#### [EXERCISE DESCRIPTION]
Give again, word for word, every line in the entries below from the line with "今年から自治会長が女性となっ" up to and including the line with "Obwohl dieses Dokument", and no other line.

#### [DATA SUPPLIED]
__________________________________________________

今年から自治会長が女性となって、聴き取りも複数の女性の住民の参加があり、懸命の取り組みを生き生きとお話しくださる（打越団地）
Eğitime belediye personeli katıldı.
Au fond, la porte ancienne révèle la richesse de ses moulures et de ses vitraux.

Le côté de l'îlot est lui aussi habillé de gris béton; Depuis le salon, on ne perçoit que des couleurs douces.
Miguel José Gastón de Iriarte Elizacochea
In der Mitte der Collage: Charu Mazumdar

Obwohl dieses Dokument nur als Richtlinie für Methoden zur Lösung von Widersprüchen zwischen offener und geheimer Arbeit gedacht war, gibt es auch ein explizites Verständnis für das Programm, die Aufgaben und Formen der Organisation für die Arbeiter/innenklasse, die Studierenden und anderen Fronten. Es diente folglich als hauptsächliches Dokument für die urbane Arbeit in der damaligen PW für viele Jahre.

__________________________________________________

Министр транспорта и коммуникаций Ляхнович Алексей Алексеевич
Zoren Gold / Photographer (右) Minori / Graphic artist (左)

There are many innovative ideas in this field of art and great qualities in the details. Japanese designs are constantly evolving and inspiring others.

__________________________________________________

#### [RESULT OF THE TASK]
今年から自治会長が女性となって、聴き取りも複数の女性の住民の参加があり、懸命の取り組みを生き生きとお話しくださる（打越団地）
Eğitime belediye personeli katıldı.
Au fond, la porte ancienne révèle la richesse de ses moulures et de ses vitraux.

Le côté de l'îlot est lui aussi habillé de gris béton; Depuis le salon, on ne perçoit que des couleurs douces.
Miguel José Gastón de Iriarte Elizacochea
In der Mitte der Collage: Charu Mazumdar

Obwohl dieses Dokument nur als Richtlinie für Methoden zur Lösung von Widersprüchen zwischen offener und geheimer Arbeit gedacht war, gibt es auch ein explizites Verständnis für das Programm, die Aufgaben und Formen der Organisation für die Arbeiter/innenklasse, die Studierenden und anderen Fronten. Es diente folglich als hauptsächliches Dokument für die urbane Arbeit in der damaligen PW für viele Jahre.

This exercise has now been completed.